Thus, in this study, we utilized such anti-correlated miRNA–mRNA pairs identified in a recent study, [2] to cross-check with publicly available databases—namely dbMTS (database of miRNA target site SNVs) [3] and dbNSFP (database for nonsynonymous SNPs’ functional predictions) [4]—for functionally annotated SNVs. This process validated existing cancer related SNVs and identified and prioritized potential SNVs for future functional and experimental validation. Specifically, our study has identified 23 genes (24 SNVs) from dbMTS and 33 genes (65 SNVs) from dbNSFP that passed our filtering criteria.
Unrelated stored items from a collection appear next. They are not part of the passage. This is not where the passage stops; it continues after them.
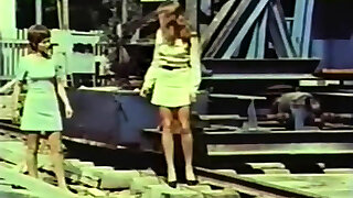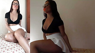 Lovely skinny Blonde fucked by a fuck-machine while her horny lesbian bestie black-haired was watching
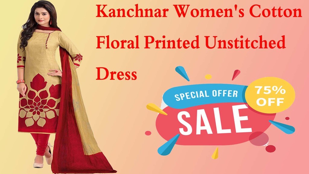 fashionothon super sale of the day on Kanchnar Women's Cotton Floral Printed Unstitched Dress with 75% discount unique design and pure unstitched cotton material used with printed style best ethnic wear for womens on best online shopping site in India fashionothon.com
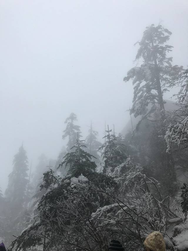 然后坐车到达雷洞坪之后,看着满山的雪啊,当时那个激动,想想上次见雪的时候还是小时候,然后就到处处拍照(这时候就需要一个会拍照的男朋友了,想想自己因为拍照的问题被女朋友批了无数次了,在这里建议大家,有女朋友的男生好好学习拍照,以后出去玩可以表现哈,没有女朋友的男生也请好好学,以后谈念爱的时候也是会有有用处的),一路拍照到接引殿,然后又走下来,然后想去滑雪,被告知关门了,第一天的形成就结束了。
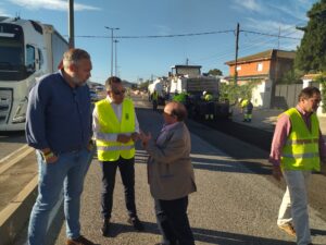 El director general de Carreteras de la Región de Murcia, Francisco Carrillo, junto con los alcaldes de Abanilla, José Antonio Blasco, y Santomera, Víctor Martínez, han visitado las obras que consisten en el reciclado del firme existente con una emulsión bituminosa aplicada a temperatura ambiente. De esta manera, se trabaja de forma más sostenible al aprovechar el propio material de la carretera, logrando un refuerzo estructural sin necesidad de recrecer la vía.
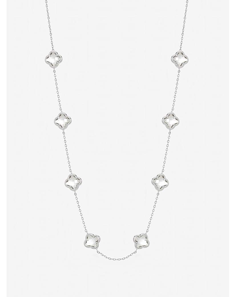Inicio Sterling Silver Plated Crystal Clover Necklace - Gift Pouch Our Inicio Crystal Clover Necklace features a delicate silver chain adorned with four evenly spaced clover stations. Each station showcases brilliant crystal stones cut precisely into the shape of a clover. This beautiful piece adds a charming sparkle and a touch of luck to your look, making it a perfect statement necklace for layering or elegant standalone wear. Our 3 micron sterling silver plating uses a heavy, premium layer of silver that delivers a brighter finish, greater resistance to tarnish and wear, and significantly longer lasting quality than standard plated jewellery. Fastening: Lobster clasp Material: Sterling silver plated brass Chain length: 16, extender length: 2". Width: 10mm, length: 10mm. Comes in gift pouch "
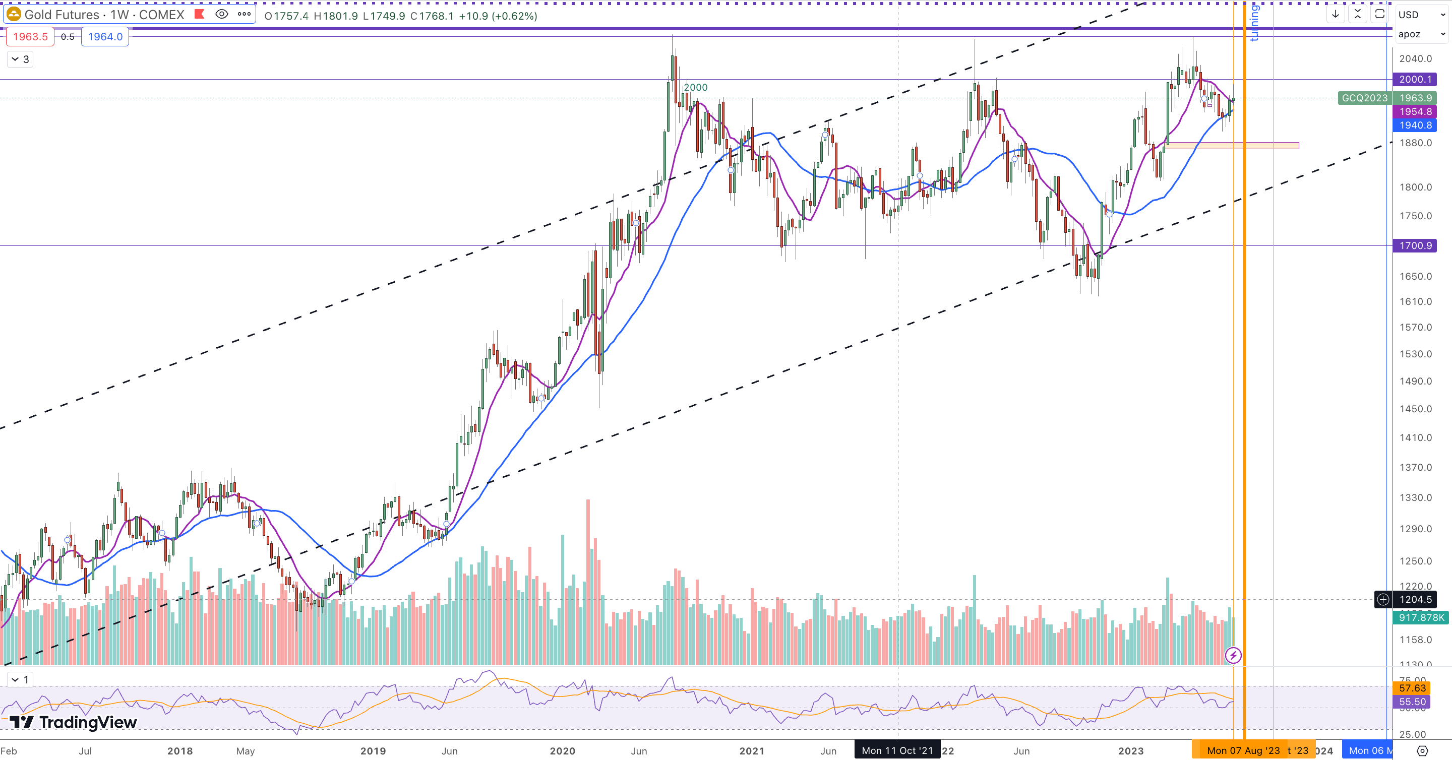 Looking at the gold futures chart we can see 3 attempts to break above 2100 hence the main resistance minor resistance stands at 2000. A break above 2100 should propel the metal to much higher value over the year.

Cancer association annotation has been conducted on these genes, and our preliminary results reported that several of the identified genes are associated with tumorigenesis.

2. Materials and Methods

Anti-correlated expressions of 15 cancer types’ miRNA–mRNA pairs from a previous study [2] were extracted from TCGA (http://cancergenome.nih.gov), and a total of 65,535 miRNA–mRNA pairs were taken as candidates to be used in subsequent analyses. Because miRNA can repress the expression of its targets, we hypothesize that these anti-correlated miRNA–mRNA pairs are likely to be dysregulated in the observed cancer types, which highlight their potential functional importance.

2.1. Retrieval and Screening of miRNA Target Site SNVs Using dbMTS

The dbMTS (database of MTS SNVs) is a database containing only single nucleotide variants (SNVs) that could potentially affect the binding of miRNAs. The dbMTS uses computer simulations with multiple popular miRNA target prediction tools to predict the effect of any potential SNV on miRNA. It includes more than 200 annotations for each of its SNVs, to help users assess their functional importance. One piece of important information in dbMTS that we considered was the name of the miRNA–mRNA pair that was disrupted or created by introducing the SNV.
Using our candidate miRNA–mRNA pairs and information of SNVs from dbMTS, we identified all the candidate SNVs in the 3′UTR that could help us select our candidate miRNA–mRNA pairs. A customized Python script was written to retrieve SNVs that could affect binding between the candidate miRNA–mRNA pairs in dbMTS. A brief summary of our method of identifying 3′ UTR SNVs is shown in Figure 1. Specifically, gene symbols in our candidate list were first standardized and converted to Ensembl transcript IDs using Ensembl Biomart (Ensembl Genes 100), as dbMTS includes transcript level predictions. Second, the suffixes ‘-3p’ and ‘-5p’ in dbMTS were ignored and removed, since the miRNAs in our candidate pairs are precursor miRNAs instead of mature miRNAs. Third, using GWAS Catalog [5], GRASP [6], and ClinVar [7], we annotated known cancer-related SNVs using dbMTS. We found 376 variants having at least one annotated cancer-related phenotype. Because a transcript’s 3′ UTR can overlap with coding regions of other transcripts, we then used VEP/Ensembl [8] annotation to remove those SNVs that could potentially reside in coding regions. The VEP/Ensembl annotations for each SNV were retrieved from dbMTS. This process resulted in 24 variants that were exclusively located in the 3′ UTRs of all possible transcripts. Additionally, to investigate if any SNVs identified from dbMTS (a germline SNV database) have been reported as somatic, we checked our identified SNVs that could potentially affect miRNA binding in SomamiR DB 2 [9]. SomamiR DB is a database exclusively designed to study somatic mutations altering miRNA–mRNA interactions. We retrieved somatic SNVs that were located in experimentally identified MTS using CLASH (Cross-linking, ligation, and sequencing of hybrids) or CLIP-seq (Cross-linking immunoprecipitation sequencing) methods.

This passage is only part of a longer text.